# Mud Runner problems



## Scott_w (Jun 16, 2010)

I don't get a chance to use my tools all that much any more, so I generally only have small jobs to use them on like basements. Current job, I had a hell of a time with the mud runner.

With the 3.5 northstar, it didn't want to put out mud, had to make multiple passes to get it done. I put on the 3: columbia an it worked better, but still not right.

After I was done and cleaning out the mudrunner, I noticed that the handle worked better turning one way (not the way I use) than the other. It seems to jamb up, like maybe something is worn.

Anyone ever have the handle apart?

Thanks...scott


----------



## Square Foot (Jul 1, 2012)

Could be a few different things.

How old is the runner?


----------



## Scott_w (Jun 16, 2010)

I have no idea how old, I bought it used.


----------



## Square Foot (Jul 1, 2012)

Not sure what would be hanging up on it but rotation and piston pressure should be the same, twisting either way. Since it was bought used, it might be possible that corrosion from moisture has taken place inside the handle where the spring is. 

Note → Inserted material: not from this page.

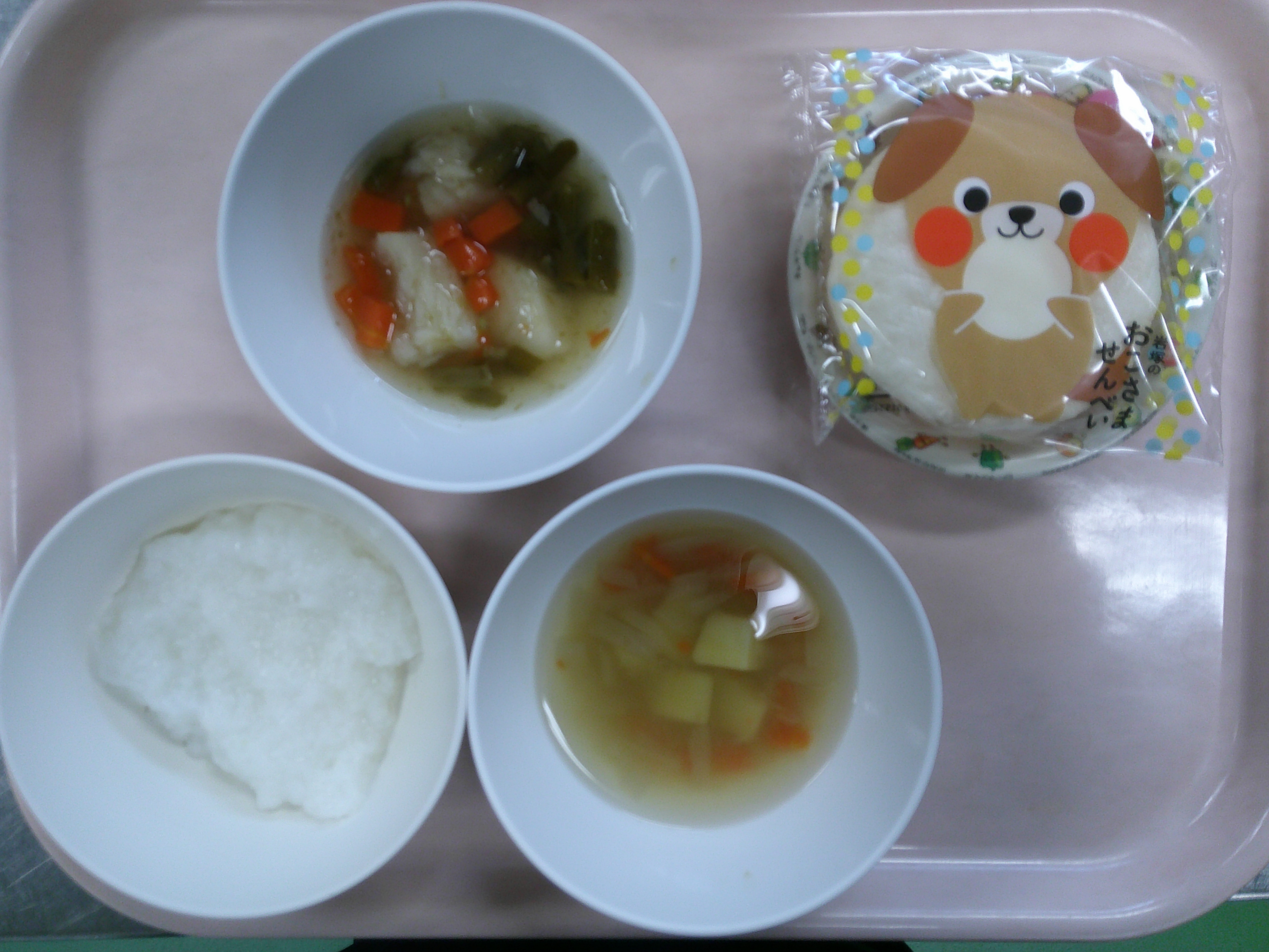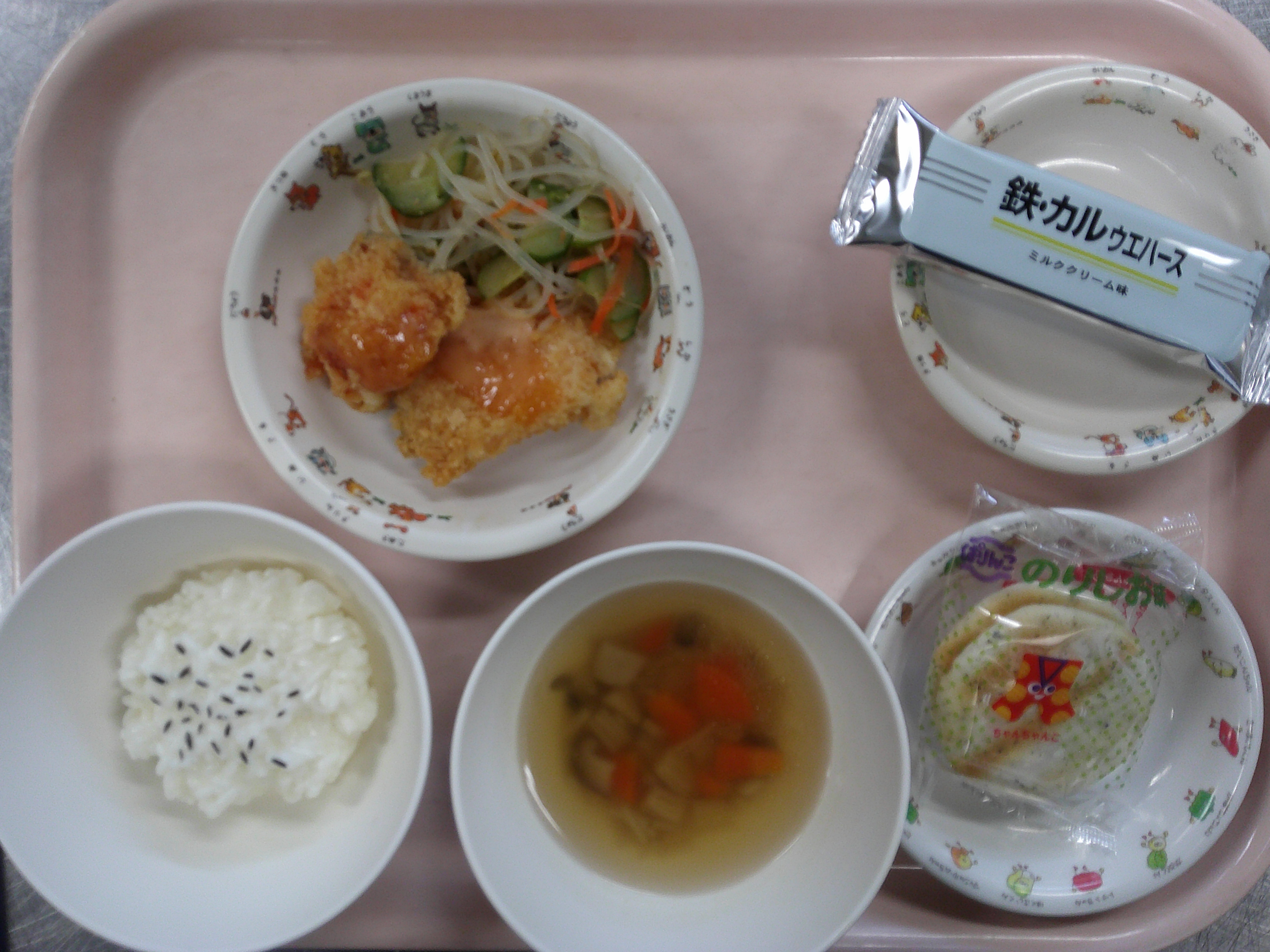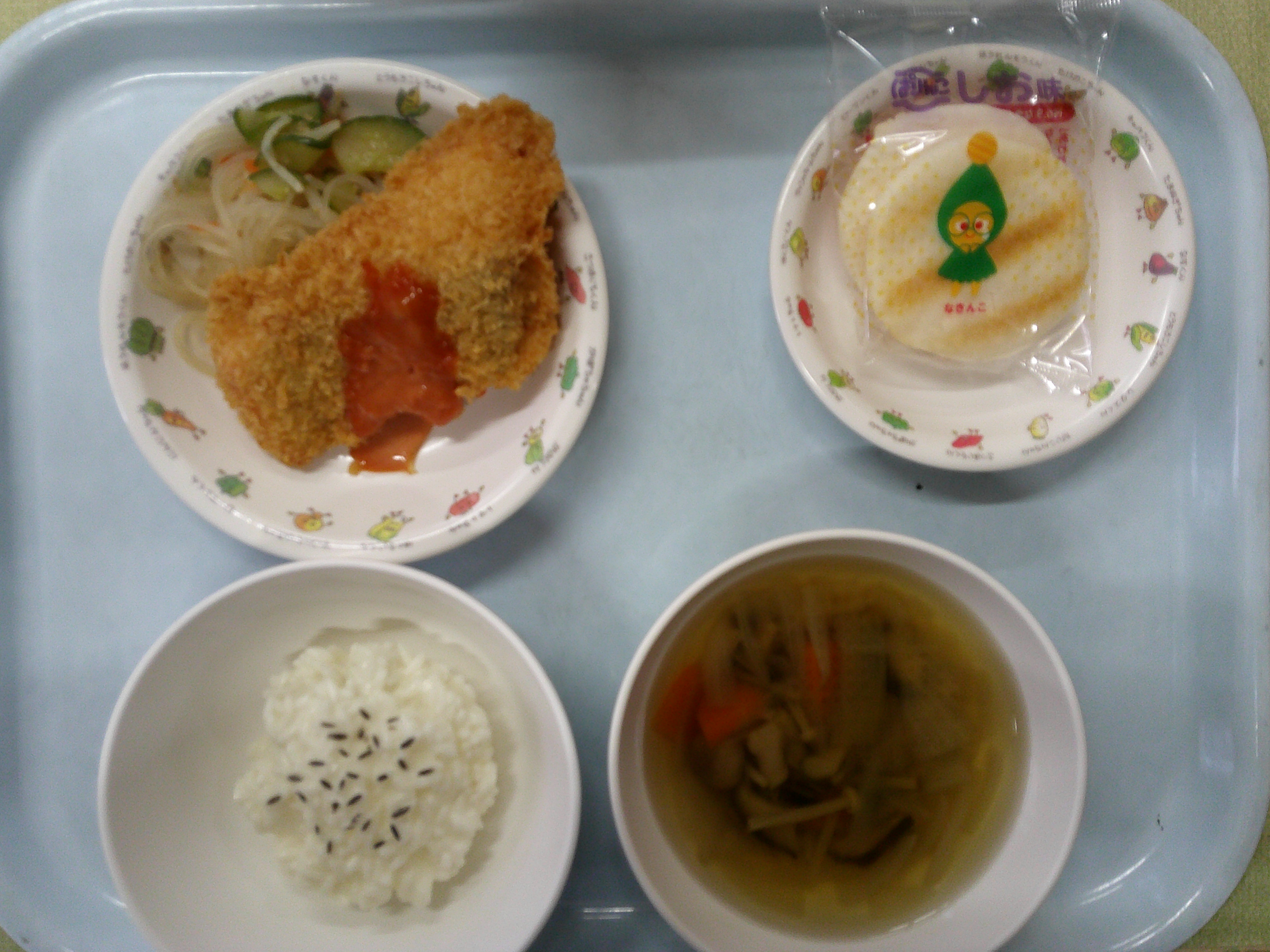12月1日の献立 ~以上児本日の献立~ ・鮭フライ ・ごま酢和え ・きのこスープ *せんべい、牛乳(午後のおやつ) ~未満児本日の献立~ ・ごはん ・鮭フライ ・ごま酢和え ・きのこスープ *ウエハース、お茶 *せんべい、牛乳(午後のおやつ)~後期食本日の献立~ ・おかゆ ・魚の野菜あんかけ ・味噌汁 *せんべい ~中期食本日の献立~ ・本日配食なし ・ ・

Have you lubed the push rod, needle rod and control tube cap? checked the piston U-cup (should also have lubricant) for outward pressure against the clear tube?

My older model, after time, allowed a build up on the needle rod which started to decrease the piston force to the push rod. I took it apart, removed the hardened mud film and steel wooled the rod to remove the tarnish. This resolved the problem but I will most likely end up doing this down the road again. 

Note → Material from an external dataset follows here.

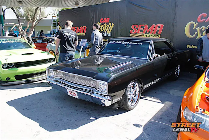 Finish Line began the build about a year and a half ago, with the goal to take the Dream Dart to SEMA and be a part of the Car Crazy car show with Barry Meguiar. That meant stripping the car down to a bare metal shell and and doing all the repair work on the original sheetmetal.

Caution... if you take it apart...There is a small piece called a wiper slide (i think) that can mistakenly be put on backwards. if you do this backwards, you'll be disassembling it again, as it prevents the needle plug from hitting the top of the tube.

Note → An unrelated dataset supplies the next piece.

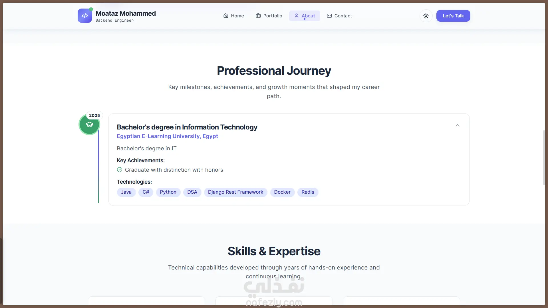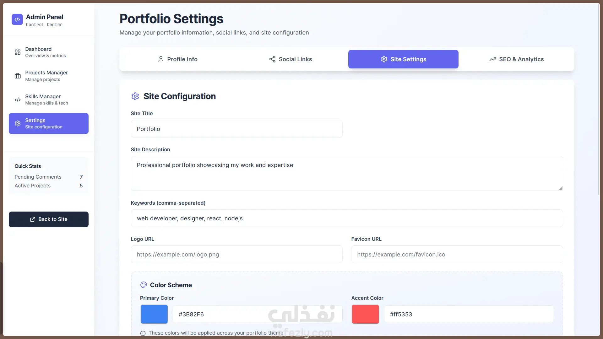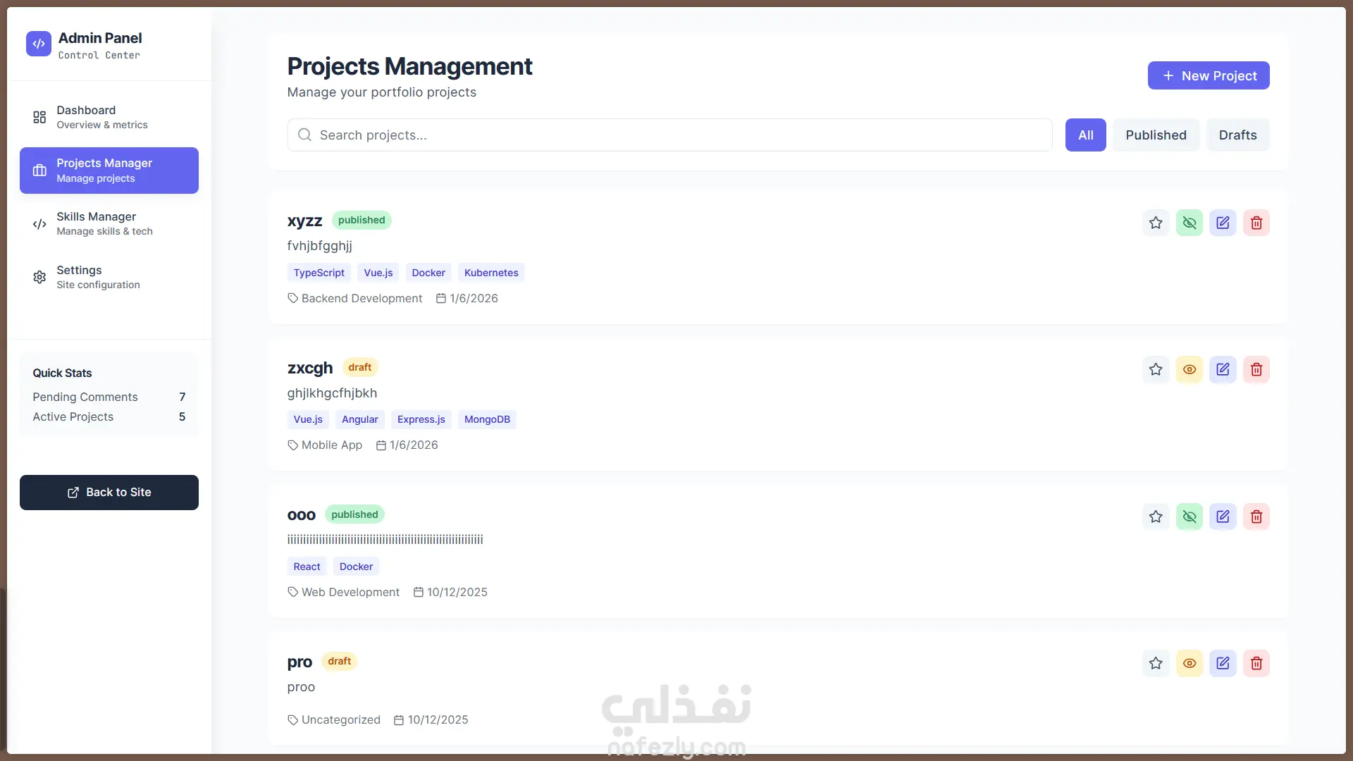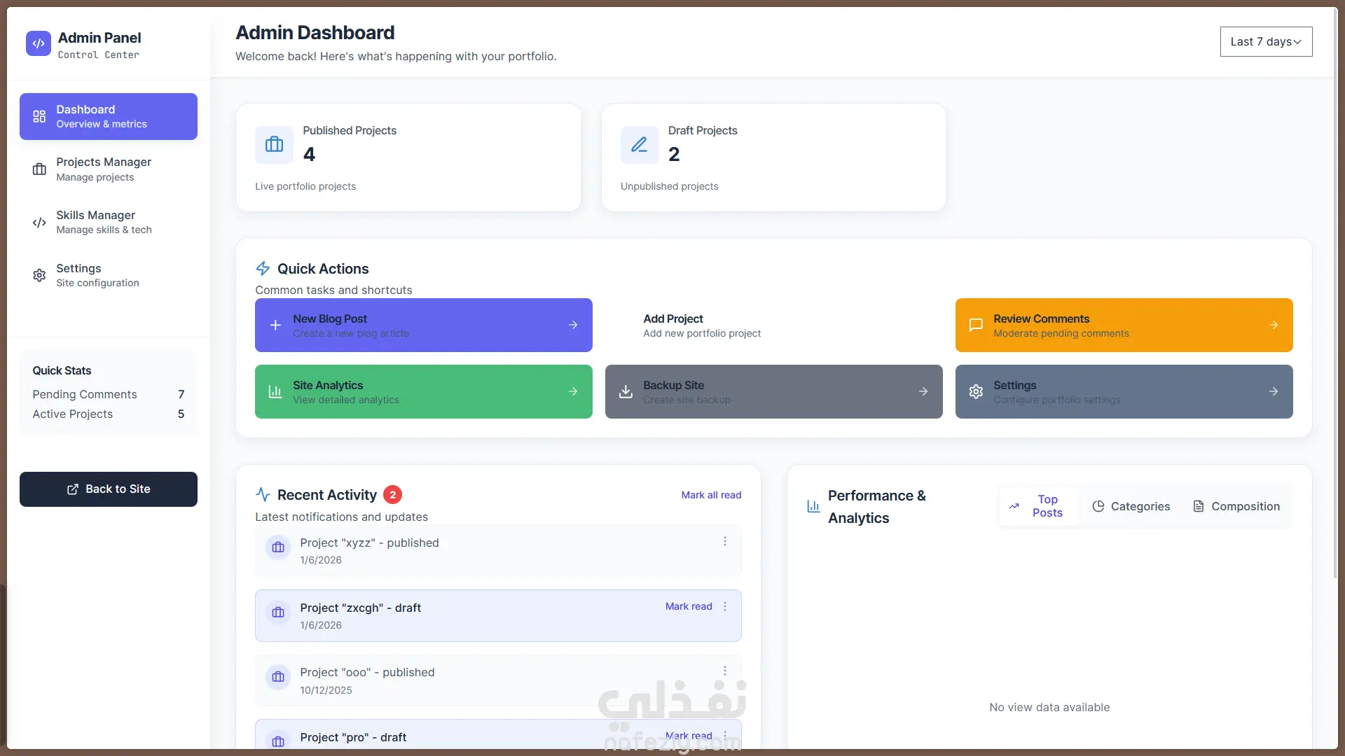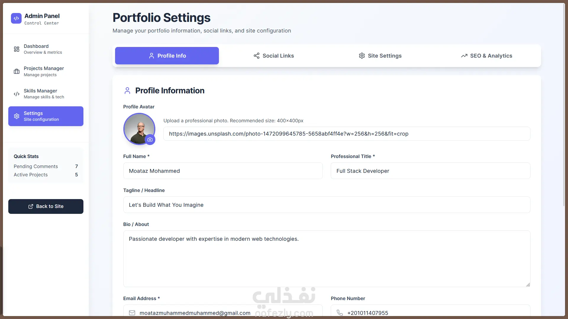 موقع بورتفوليو شخصي مبني كتطبيق Full-Stack يهدف إلى عرض المشاريع والمهارات بطريقة احترافية، مع نظام إدارة محتوى مخصص (Custom CMS) للتحكم الكامل في كل تفاصيل الموقع بدون الاعتماد على أدوات جاهزة. المشروع معمول ليكون أكثر من مجرد صفحة تعريفية، بل منصة ديناميكية قابلة للتوسع تعكس طريقة تفكيري في بناء واجهات حديثة، تنظيم المحتوى، وإدارة البيانات بشكل آمن ومرن. الواجهة الأمامية مبنية باستخدام React.js مع تصميم حديث ومتجاوب، بينما تم الاعتماد على Supabase كـ Backend متكامل لإدارة قاعدة البيانات، المصادقة، والتخزين. الواجهة العامة (Public Portfolio) توفر تجربة تفاعلية لزوار الموقع: قسم Hero ديناميكي مع حركات وانتقالات سلسة عرض المهارات باستخدام عناصر تفاعلية توضح مستوى الإتقان معرض مشاريع قابل للتصفية مع صفحات تفاصيل (Case Studies) نماذج تواصل متعددة (مشاريع – تعاون – تواصل عام) دعم روابط اجتماعية غير محدودة مع اكتشاف تلقائي للأيقونات دعم الوضع الليلي (Dark Mode) مع انتقالات ناعمة تصميم متجاوب بالكامل مع جميع الشاشات Skeleton Loaders لتحسين تجربة المستخدم أثناء التحميل لوحة التحكم (Admin Dashboard) تم بناء لوحة تحكم مخصصة لإدارة الموقع بالكامل: واجهة إدارية متجاوبة مع Sidebar منظم إدارة إعدادات الموقع والملف الشخصي (الاسم، المسمى الوظيفي، النبذة، الصورة، السيرة الذاتية) التحكم في الهوية البصرية (الألوان، اللوجو، الأيقونة) إعدادات SEO (Meta Tags, Analytics) إدارة المهارات وتصنيفها مع تحديد مستوى الإتقان وترتيبها إدارة المشاريع بشكل متقدم: إضافة صور وميديا تحديد التقنيات المستخدمة والمؤشرات كتابة Case Study (المشكلة – الحل – النتيجة) نظام Draft / Published إعدادات SEO لكل مشروع الجوانب التقنية في المشروع: استخدام Supabase (PostgreSQL) مع تفعيل Row Level Security لتأمين البيانات على مستوى قاعدة البيانات إدارة الحالة العامة باستخدام React Context API دعم التحديثات اللحظية (Real-time Subscriptions) نظام حفظ تلقائي (Auto-save) لمنع فقدان البيانات Error Boundaries للتعامل مع الأخطاء بشكل آمن تحسين محركات البحث (SEO) باستخدام Meta Tags و OpenGraph تحسين الأداء عبر Lazy Loading و Code Splitting ما يركز عليه المشروع: بناء CMS مخصص بدل الاعتماد على حلول جاهزة تصميم واجهات حديثة قابلة لإعادة الاستخدام تأمين البيانات من مستوى قاعدة البيانات تنظيم الكود وقابلية الصيانة والتوسع تقديم تجربة مستخدم احترافية وسلسة

It's really not that difficult to work on.

Good luck!


----------



## moore (Dec 2, 2010)

square foot said:


> not sure what would be hanging up on it but rotation and piston pressure should be the same, twisting either way. Since it was bought used, it might be possible that corrosion from moisture has taken place inside the handle where the spring is.
> 
> Have you lubed the push rod, needle rod and control tube cap? Checked the piston u-cup (should also have lubricant) for outward pressure against the clear tube?
> 
> ...


 :d:d:d


----------



## Square Foot (Jul 1, 2012)

moore said:


> :d:d:d


Hmm....:confused1:


----------



## moore (Dec 2, 2010)

Square Foot said:


> Hmm....:confused1:


 I can show you how!:whistling2:


----------